Mar 8 10:58:10 redis-prod-vm systemd[1]: Stopping OpenBSD Secure Shell server...
This continued until the VM finished shutting down, here's the log:
2018-03-08 10:59:46.073 GMT compute.instances.stop {
"event_timestamp_us":"XXX",
"actor":{"user":""},
"resource":{
"name":"redis-prod-vm",
"type":"instance",
"zone":"us-central1-f","id":"XXX"
},
"event_type":"GCE_OPERATION_DONE",
"trace_id":"XXX",
"operation":{"type":"operation",…
I've replaced some potentially important numbers with XXX to be safe. Can someone please help shed light onto what happened?

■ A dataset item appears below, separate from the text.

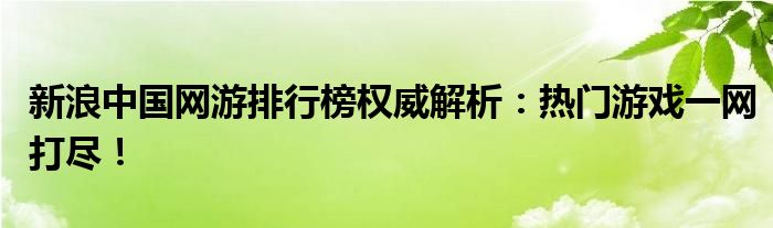 新浪中国网游排行榜权威解析:热门游戏一网打尽!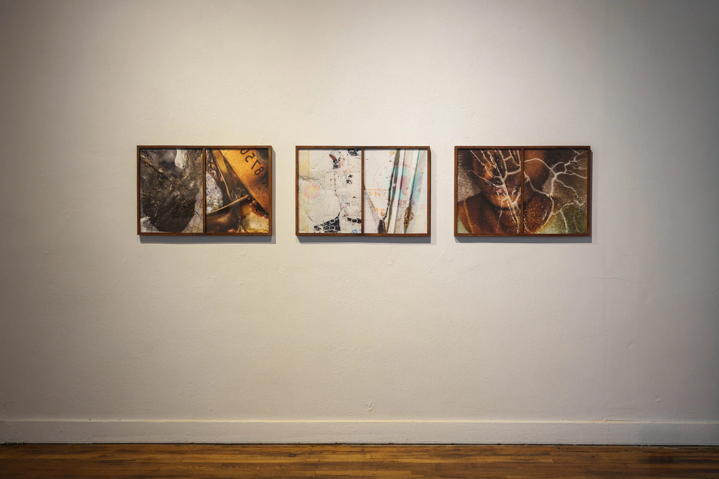 Installation view at Pidgin Palace, three 20x30” diptychs, Corten steel frames, Tucson, AZ, 2025

I post this answer to make recommendation provided by @Taher at the comment section more visible:
Please have a look at the documentation Preemptible VM instances:
A preemptible VM is an instance that you can create and run at a much lower price than normal instances. However, Compute Engine might stop (preempt) these instances if it requires access to those resources for other tasks. Preemptible instances are excess Compute Engine capacity, so their availability varies with usage.
If your apps are fault-tolerant and can withstand possible instance preemptions, then preemptible instances can reduce your Compute Engine costs significantly. For example, batch processing jobs can run on preemptible instances. If some of those instances stop during processing, the job slows but does not completely stop. Preemptible instances complete your batch processing tasks without placing additional workload on your existing instances and without requiring you to pay full price for additional normal instances.
Please check if your instance is preemptible o not.
Also, you can follow the documentation Viewing serial port output and check if there any useful logging information.
Furthermore, please consider using Using the Logs Explorer to collect more troubleshooting information.